Oxygen saturation and haemodynamic changes prior to circulatory arrest: Implications for transplantation and resuscitation

Colin Gilhooley  1 Geoff Burnhill  1 Dale Gardiner  2 Harish Vyas  1   3 Patrick Davies  1   3
Affiliations

Oxygen saturation and haemodynamic changes prior to circulatory arrest: Implications for transplantation and resuscitation

Colin Gilhooley et al. J Intensive Care Soc. 2019 Feb.

Abstract

Aims: To describe the progression of oxygen saturations and blood pressure observations prior to death.

Introduction: The progression of physiological changes around death is unknown. This has important implications in organ donation and resuscitation. Donated organs have a maximal warm ischaemic threshold. In hypoxic cardiac arrest, an understanding of pre-cardiac arrest physiology is important in prognosticating and will allow earlier identification of terminal states.

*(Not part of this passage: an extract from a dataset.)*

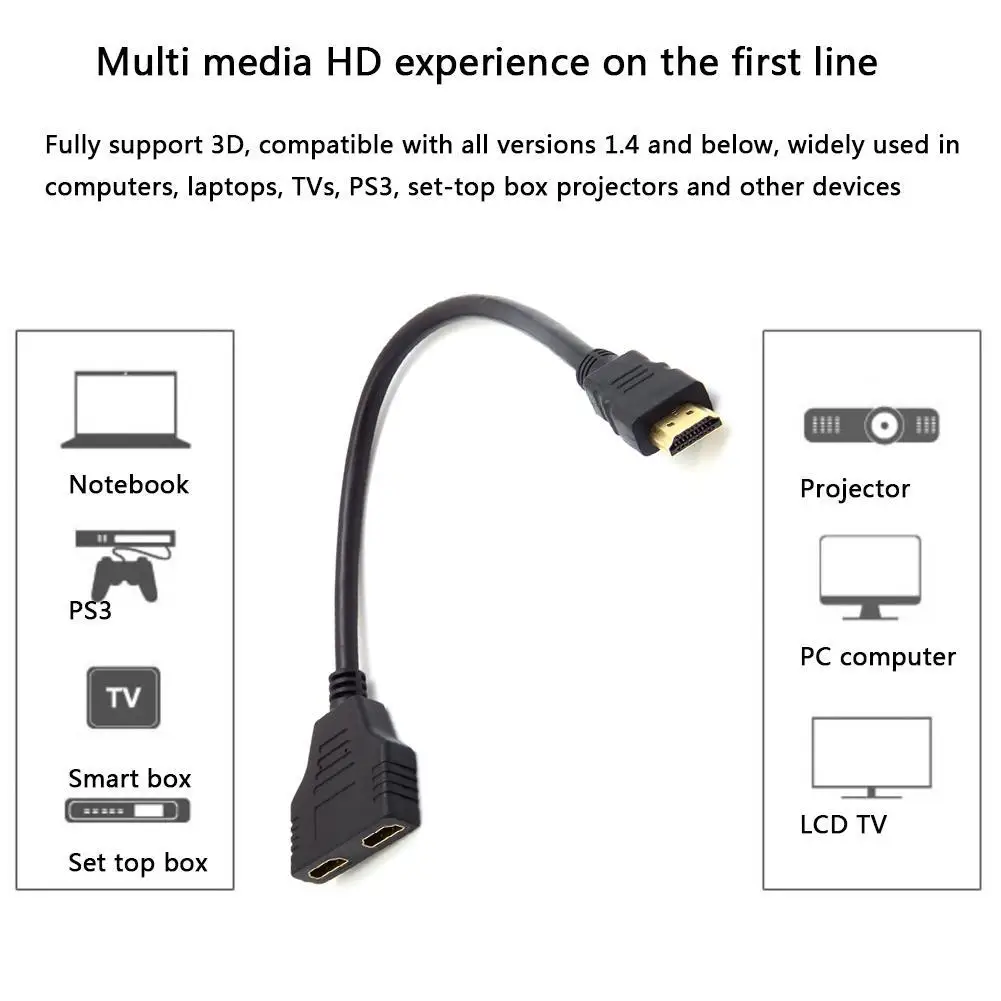 Output Video: HDMI 1.4P Vertical Frequency Range: 50-60Hz Video Amplifier Bandwidth: 2.5Gbps/250MHz Interlaced (50&60Hz) Resolution : 480i 576i 1080i Progressive (50&60Hz) Resolution : 480P 576P 720P 1080P HDMI 1 to 2 HDMI male to female splitter cable. Support 480i, 480p, 720p, 1080i, 1080p. Gold-plated connectors for better signal transfer. Allow to connect HDMI devices that have Build-in HDMI ports, Such as --1HD-DVDBlue-ray DVD --2Game Machines: For Sony Plays --3LCD TVsPlasma Display --4Rear Projection Microdisplays --5Hi-def DVD Payers ; --6A/V Receivers
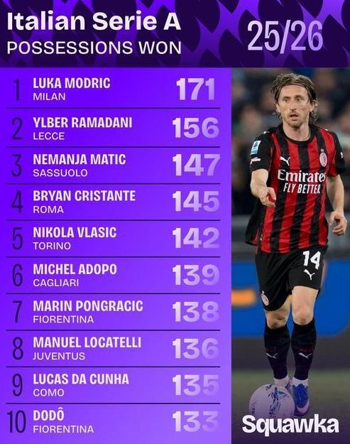 本赛季,莫德里奇在联赛中的出场时间高达2546分钟,比红黑军团中场里出场时间第二多的球员拉比奥特多出620分钟以上。除了主场1-0战胜莱切和客场1-1战平佛罗伦萨的比赛外,克罗地亚人场场首发。

Methods: Data were examined for all regional patients over a two-year period offering organ donation after circulatory death. Frequent observations were taken contemporaneously by the organ donation nurse at the time of and after withdrawal of intensive care.

Results: In all, 82 case notes were examined of patients aged 0 to 76 (median 52, 4 < 18 years). From withdrawal of intensive care to death took a mean of 28.5 min (range 4 to 185). A terminal deterioration in saturations (from an already low baseline) commenced 14 min prior to circulatory arrest, followed by a blood pressure fall commencing 8 min prior to circulatory arrest, and finally a rapid fall in heart rate commencing 4 min prior to circulatory arrest. Two patients had a warm ischaemic time of greater than 30 min; 15 patients had a warm ischaemia time of 10 min or greater; and 53 patients had a warm ischaemia time of 5 min or less. It was observed that 0/82 patients had saturations of less than 40% for more than 3 min prior to cardiac arrest and 74/82 for more than 2 min.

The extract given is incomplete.